#### RECORDS TO USE
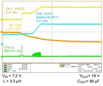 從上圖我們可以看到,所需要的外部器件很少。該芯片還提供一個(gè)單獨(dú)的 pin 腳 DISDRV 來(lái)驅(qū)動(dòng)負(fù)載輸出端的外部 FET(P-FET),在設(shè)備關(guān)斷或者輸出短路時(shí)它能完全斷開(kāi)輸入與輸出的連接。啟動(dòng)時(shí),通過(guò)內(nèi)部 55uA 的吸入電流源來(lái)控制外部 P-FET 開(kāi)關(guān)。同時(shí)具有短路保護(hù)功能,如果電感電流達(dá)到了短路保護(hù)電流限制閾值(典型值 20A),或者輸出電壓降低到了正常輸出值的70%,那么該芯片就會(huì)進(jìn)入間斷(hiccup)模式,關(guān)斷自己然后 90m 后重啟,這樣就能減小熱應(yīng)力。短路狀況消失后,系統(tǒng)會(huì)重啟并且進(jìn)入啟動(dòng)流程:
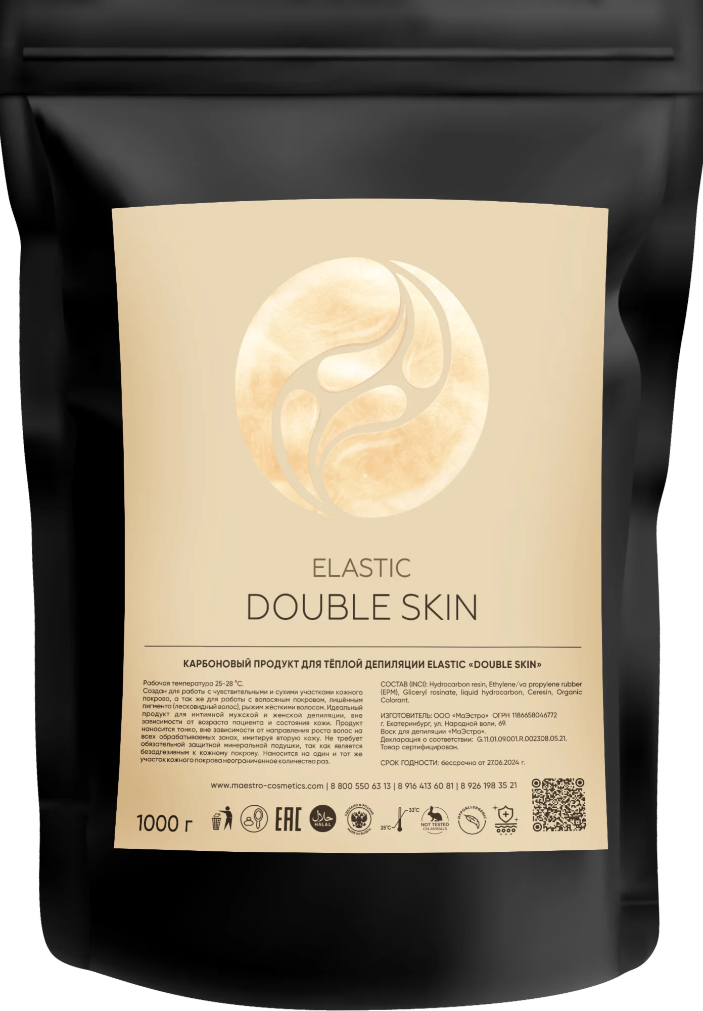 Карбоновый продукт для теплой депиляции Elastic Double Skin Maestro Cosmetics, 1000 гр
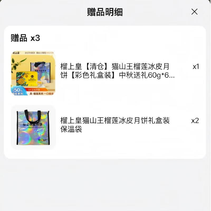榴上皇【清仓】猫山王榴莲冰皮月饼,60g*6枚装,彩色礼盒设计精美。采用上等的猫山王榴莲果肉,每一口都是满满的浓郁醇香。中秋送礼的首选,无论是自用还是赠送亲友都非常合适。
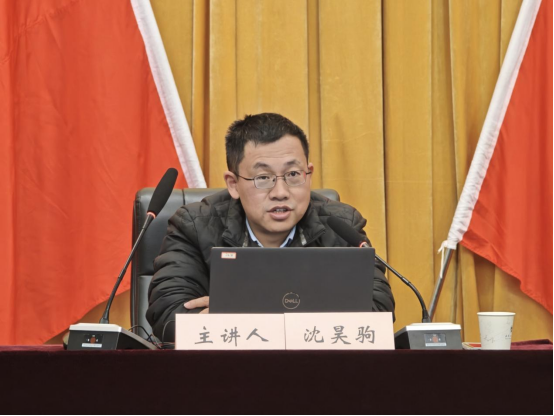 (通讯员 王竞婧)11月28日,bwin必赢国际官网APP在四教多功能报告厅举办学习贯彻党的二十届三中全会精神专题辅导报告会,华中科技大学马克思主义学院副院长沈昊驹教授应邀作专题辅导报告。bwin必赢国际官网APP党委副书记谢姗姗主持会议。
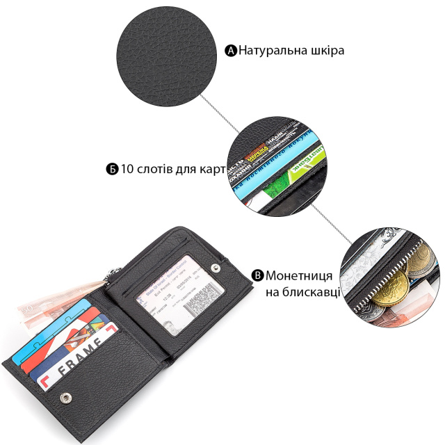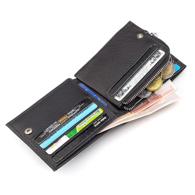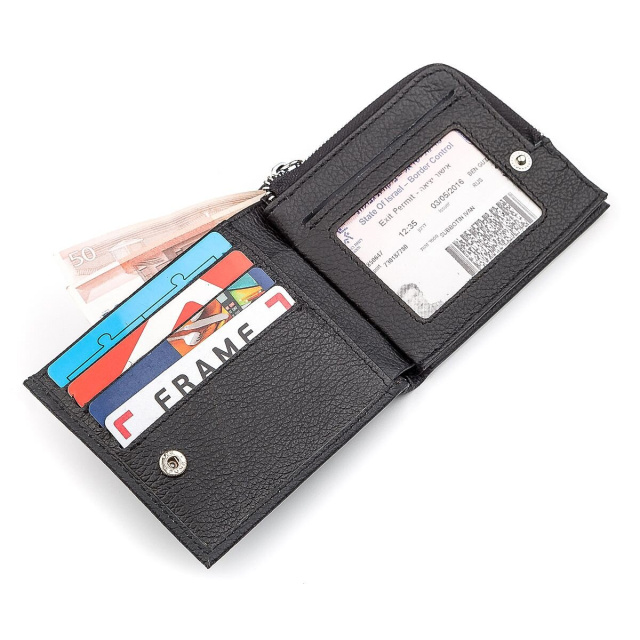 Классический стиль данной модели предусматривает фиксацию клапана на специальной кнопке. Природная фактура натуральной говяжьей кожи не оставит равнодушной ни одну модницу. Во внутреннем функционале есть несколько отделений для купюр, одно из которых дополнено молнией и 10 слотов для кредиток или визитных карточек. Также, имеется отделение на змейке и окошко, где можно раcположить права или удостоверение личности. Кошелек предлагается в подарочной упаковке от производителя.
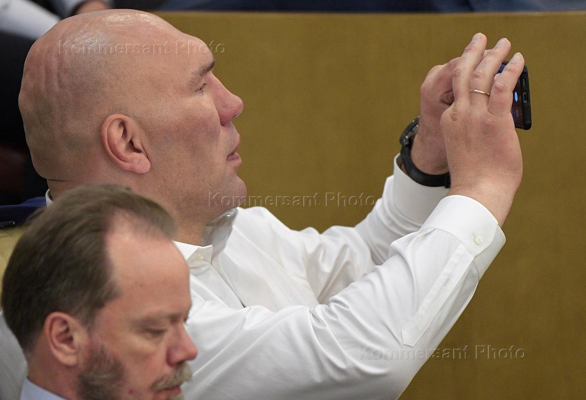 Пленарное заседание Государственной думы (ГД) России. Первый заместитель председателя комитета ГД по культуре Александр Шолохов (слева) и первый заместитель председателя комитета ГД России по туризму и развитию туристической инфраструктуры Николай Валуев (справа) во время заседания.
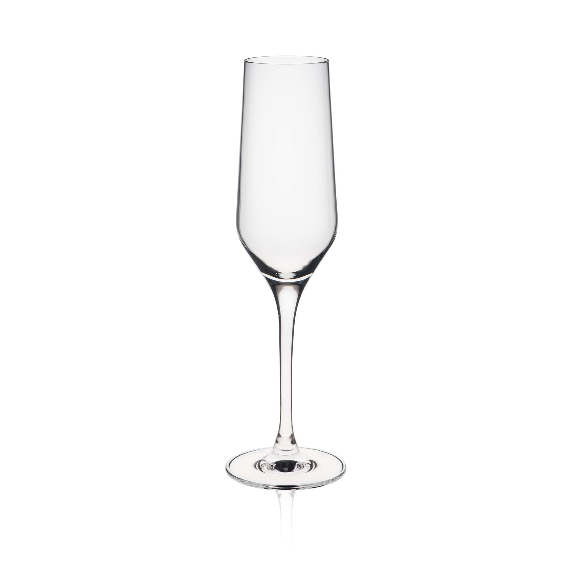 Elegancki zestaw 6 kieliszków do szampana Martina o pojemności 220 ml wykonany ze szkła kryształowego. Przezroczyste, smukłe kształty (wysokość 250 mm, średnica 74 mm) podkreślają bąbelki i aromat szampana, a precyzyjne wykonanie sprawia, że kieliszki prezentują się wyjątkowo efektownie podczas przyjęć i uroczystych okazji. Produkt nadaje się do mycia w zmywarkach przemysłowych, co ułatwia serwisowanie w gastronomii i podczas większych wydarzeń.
########
**WHAT THIS TASK INVOLVES**
Your task is to retype exactly the lines that run from the line with "(通讯员 王竞婧)11月28" through the last line of the material, with the pictures left out.

**RESPONSE TO THIS EXERCISE**
 (通讯员 王竞婧)11月28日,bwin必赢国际官网APP在四教多功能报告厅举办学习贯彻党的二十届三中全会精神专题辅导报告会,华中科技大学马克思主义学院副院长沈昊驹教授应邀作专题辅导报告。bwin必赢国际官网APP党委副书记谢姗姗主持会议。
 Классический стиль данной модели предусматривает фиксацию клапана на специальной кнопке. Природная фактура натуральной говяжьей кожи не оставит равнодушной ни одну модницу. Во внутреннем функционале есть несколько отделений для купюр, одно из которых дополнено молнией и 10 слотов для кредиток или визитных карточек. Также, имеется отделение на змейке и окошко, где можно раcположить права или удостоверение личности. Кошелек предлагается в подарочной упаковке от производителя.
 Пленарное заседание Государственной думы (ГД) России. Первый заместитель председателя комитета ГД по культуре Александр Шолохов (слева) и первый заместитель председателя комитета ГД России по туризму и развитию туристической инфраструктуры Николай Валуев (справа) во время заседания.
 Elegancki zestaw 6 kieliszków do szampana Martina o pojemności 220 ml wykonany ze szkła kryształowego. Przezroczyste, smukłe kształty (wysokość 250 mm, średnica 74 mm) podkreślają bąbelki i aromat szampana, a precyzyjne wykonanie sprawia, że kieliszki prezentują się wyjątkowo efektownie podczas przyjęć i uroczystych okazji. Produkt nadaje się do mycia w zmywarkach przemysłowych, co ułatwia serwisowanie w gastronomii i podczas większych wydarzeń.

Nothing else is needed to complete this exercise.